Restrict the output to the lines below starting at the one that contains "The Heart'n'Soul dining" and ending at the one that contains "商品名:川住製作所(Kawasumi Seisakusyo) 自転車", and restate them word for word, both ends included.

____ Entries supplied

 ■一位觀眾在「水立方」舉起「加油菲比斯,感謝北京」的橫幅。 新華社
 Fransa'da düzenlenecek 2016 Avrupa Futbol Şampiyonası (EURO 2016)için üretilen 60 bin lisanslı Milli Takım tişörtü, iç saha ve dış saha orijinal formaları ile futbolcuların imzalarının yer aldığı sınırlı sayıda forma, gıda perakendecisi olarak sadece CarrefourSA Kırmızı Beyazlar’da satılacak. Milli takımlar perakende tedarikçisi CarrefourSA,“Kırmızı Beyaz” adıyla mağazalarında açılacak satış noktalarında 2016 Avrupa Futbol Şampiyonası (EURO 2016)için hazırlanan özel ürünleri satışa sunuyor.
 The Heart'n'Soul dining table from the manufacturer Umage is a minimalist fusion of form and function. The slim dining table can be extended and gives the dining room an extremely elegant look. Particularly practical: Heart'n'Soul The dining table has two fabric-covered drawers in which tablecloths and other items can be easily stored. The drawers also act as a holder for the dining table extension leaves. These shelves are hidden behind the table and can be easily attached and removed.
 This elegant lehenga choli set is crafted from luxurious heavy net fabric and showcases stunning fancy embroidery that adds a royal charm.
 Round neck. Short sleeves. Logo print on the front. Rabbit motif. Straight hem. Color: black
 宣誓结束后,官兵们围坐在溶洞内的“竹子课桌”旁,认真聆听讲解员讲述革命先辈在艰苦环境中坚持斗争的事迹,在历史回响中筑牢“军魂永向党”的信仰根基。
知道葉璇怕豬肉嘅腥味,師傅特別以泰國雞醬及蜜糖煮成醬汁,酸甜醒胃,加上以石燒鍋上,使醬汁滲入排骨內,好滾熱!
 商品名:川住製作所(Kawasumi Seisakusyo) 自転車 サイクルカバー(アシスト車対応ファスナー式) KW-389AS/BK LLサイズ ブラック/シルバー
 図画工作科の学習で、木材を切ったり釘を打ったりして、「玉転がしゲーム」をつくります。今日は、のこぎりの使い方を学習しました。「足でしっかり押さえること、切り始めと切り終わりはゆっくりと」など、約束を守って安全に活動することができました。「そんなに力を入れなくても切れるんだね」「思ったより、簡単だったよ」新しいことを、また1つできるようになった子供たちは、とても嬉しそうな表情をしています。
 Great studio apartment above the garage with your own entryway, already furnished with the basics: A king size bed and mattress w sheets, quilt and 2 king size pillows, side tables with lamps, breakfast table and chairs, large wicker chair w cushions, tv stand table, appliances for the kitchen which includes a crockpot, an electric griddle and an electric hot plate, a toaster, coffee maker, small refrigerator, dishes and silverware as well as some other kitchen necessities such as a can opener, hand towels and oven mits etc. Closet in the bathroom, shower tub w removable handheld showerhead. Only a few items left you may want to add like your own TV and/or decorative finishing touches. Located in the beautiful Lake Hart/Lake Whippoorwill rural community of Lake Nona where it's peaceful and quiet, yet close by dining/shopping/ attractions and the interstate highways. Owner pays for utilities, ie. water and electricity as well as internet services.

________
____ Entries supplied

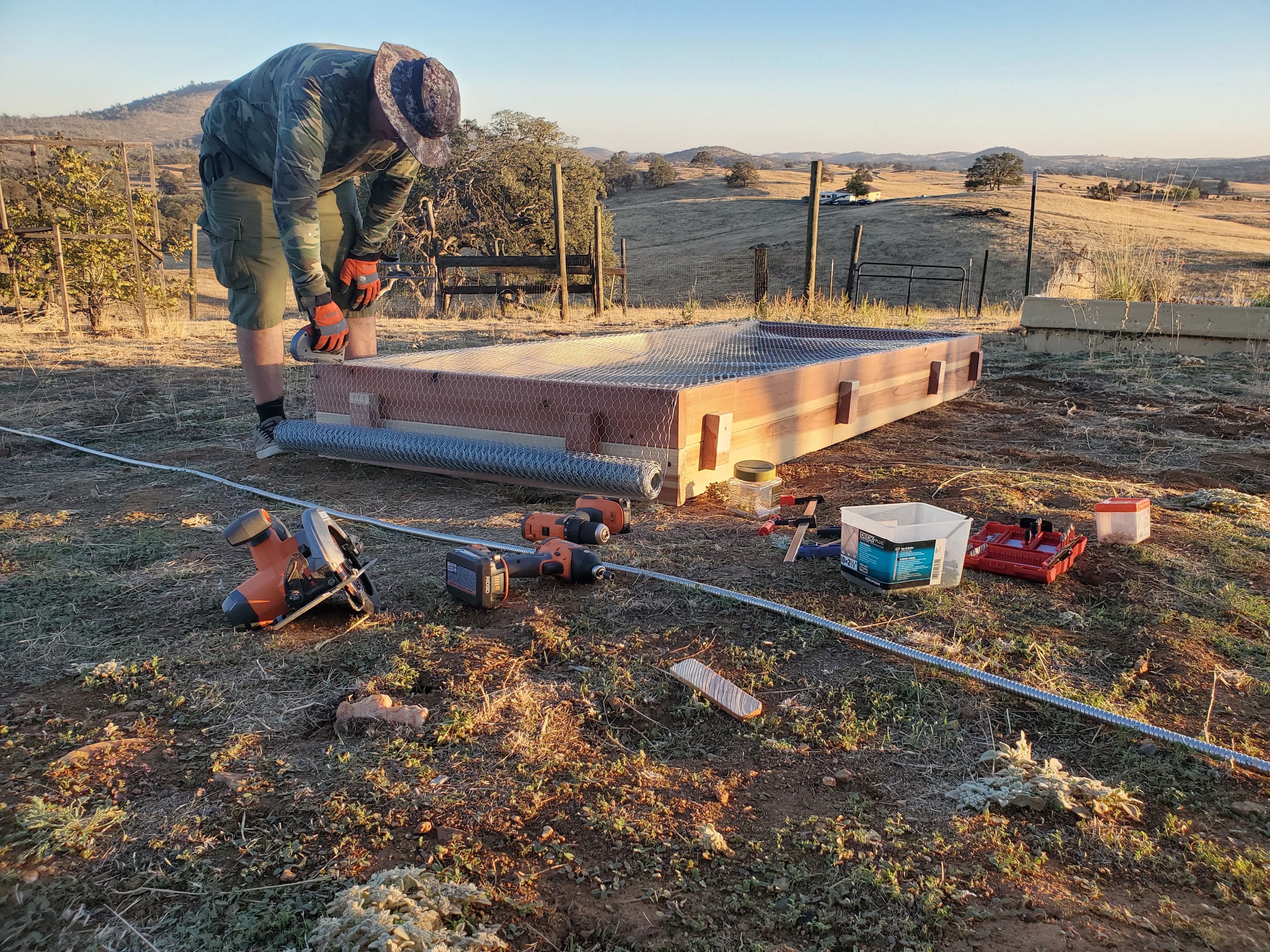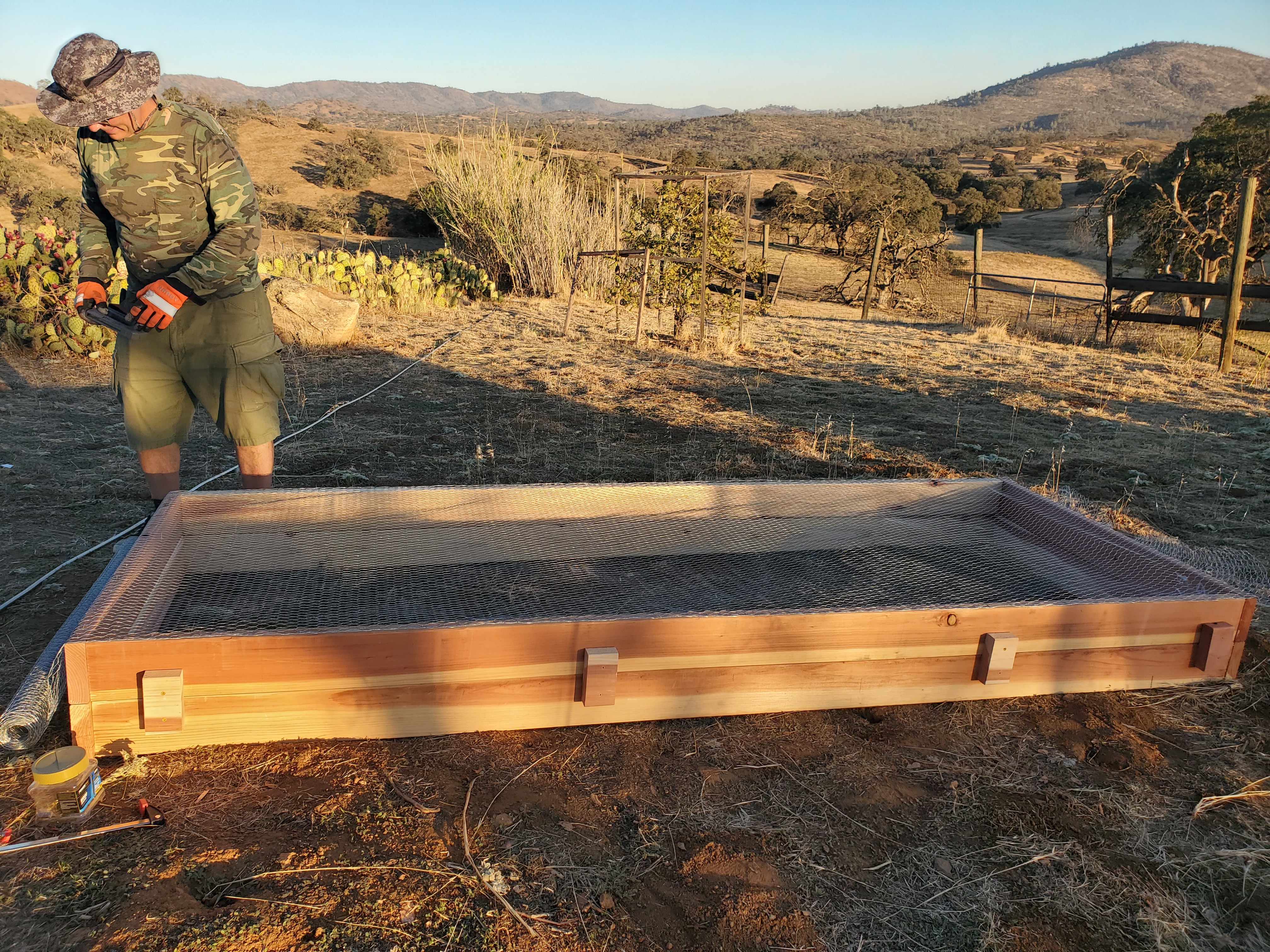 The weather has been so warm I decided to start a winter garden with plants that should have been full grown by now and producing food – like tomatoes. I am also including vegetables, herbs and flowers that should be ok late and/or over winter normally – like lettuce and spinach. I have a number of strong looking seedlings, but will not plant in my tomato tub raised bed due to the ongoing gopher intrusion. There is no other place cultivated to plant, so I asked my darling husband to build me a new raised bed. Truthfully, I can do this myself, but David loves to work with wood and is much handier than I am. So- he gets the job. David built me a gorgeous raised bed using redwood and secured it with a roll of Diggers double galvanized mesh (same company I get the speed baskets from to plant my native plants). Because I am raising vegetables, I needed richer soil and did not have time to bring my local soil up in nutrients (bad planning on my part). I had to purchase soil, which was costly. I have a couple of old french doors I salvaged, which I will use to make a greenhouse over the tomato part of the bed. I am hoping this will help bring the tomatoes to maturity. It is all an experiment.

________
____ Entries supplied

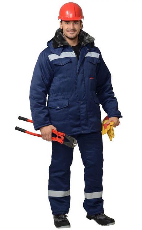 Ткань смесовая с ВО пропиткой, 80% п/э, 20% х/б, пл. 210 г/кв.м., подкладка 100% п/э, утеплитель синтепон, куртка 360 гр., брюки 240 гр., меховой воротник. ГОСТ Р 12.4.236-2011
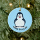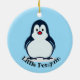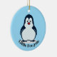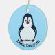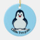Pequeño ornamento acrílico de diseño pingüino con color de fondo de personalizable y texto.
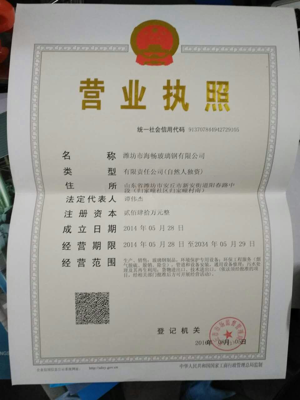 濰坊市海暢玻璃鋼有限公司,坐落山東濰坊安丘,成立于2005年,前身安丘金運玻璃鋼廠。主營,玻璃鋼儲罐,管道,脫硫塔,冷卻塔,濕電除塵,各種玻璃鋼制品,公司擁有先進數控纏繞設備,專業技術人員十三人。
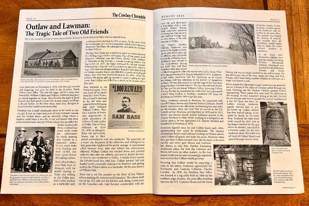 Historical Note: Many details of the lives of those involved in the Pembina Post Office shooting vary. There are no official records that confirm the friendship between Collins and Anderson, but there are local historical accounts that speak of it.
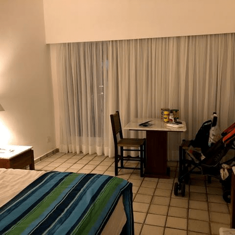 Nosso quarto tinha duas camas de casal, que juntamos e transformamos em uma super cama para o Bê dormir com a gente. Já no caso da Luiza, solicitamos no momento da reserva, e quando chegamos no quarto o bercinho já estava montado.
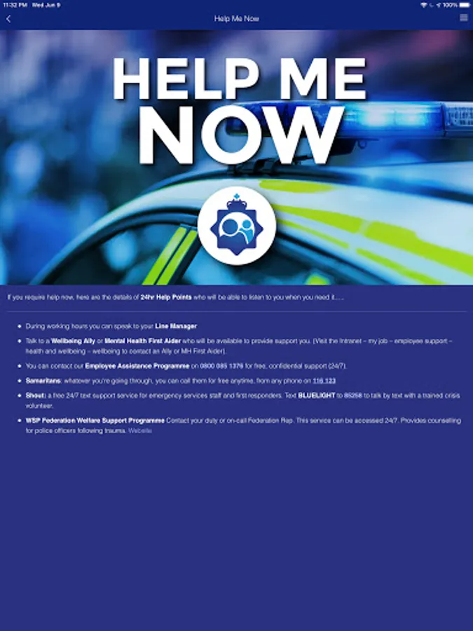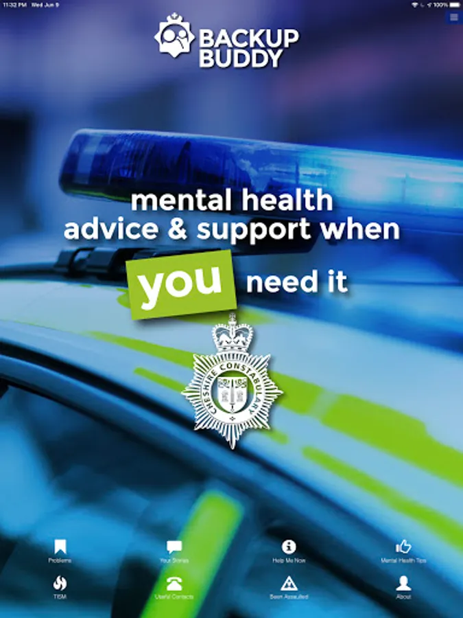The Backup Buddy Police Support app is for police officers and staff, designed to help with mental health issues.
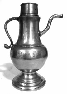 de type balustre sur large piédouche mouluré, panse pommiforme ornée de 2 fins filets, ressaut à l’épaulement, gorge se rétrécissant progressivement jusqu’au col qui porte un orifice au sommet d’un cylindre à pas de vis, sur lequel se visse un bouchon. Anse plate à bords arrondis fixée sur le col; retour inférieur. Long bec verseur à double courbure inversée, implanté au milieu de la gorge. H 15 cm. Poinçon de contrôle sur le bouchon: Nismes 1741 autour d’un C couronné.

________

▶ **Answer for the task**:
 The Heart'n'Soul dining table from the manufacturer Umage is a minimalist fusion of form and function. The slim dining table can be extended and gives the dining room an extremely elegant look. Particularly practical: Heart'n'Soul The dining table has two fabric-covered drawers in which tablecloths and other items can be easily stored. The drawers also act as a holder for the dining table extension leaves. These shelves are hidden behind the table and can be easily attached and removed.
 This elegant lehenga choli set is crafted from luxurious heavy net fabric and showcases stunning fancy embroidery that adds a royal charm.
 Round neck. Short sleeves. Logo print on the front. Rabbit motif. Straight hem. Color: black
 宣誓结束后,官兵们围坐在溶洞内的“竹子课桌”旁,认真聆听讲解员讲述革命先辈在艰苦环境中坚持斗争的事迹,在历史回响中筑牢“军魂永向党”的信仰根基。
知道葉璇怕豬肉嘅腥味,師傅特別以泰國雞醬及蜜糖煮成醬汁,酸甜醒胃,加上以石燒鍋上,使醬汁滲入排骨內,好滾熱!
 商品名:川住製作所(Kawasumi Seisakusyo) 自転車 サイクルカバー(アシスト車対応ファスナー式) KW-389AS/BK LLサイズ ブラック/シルバー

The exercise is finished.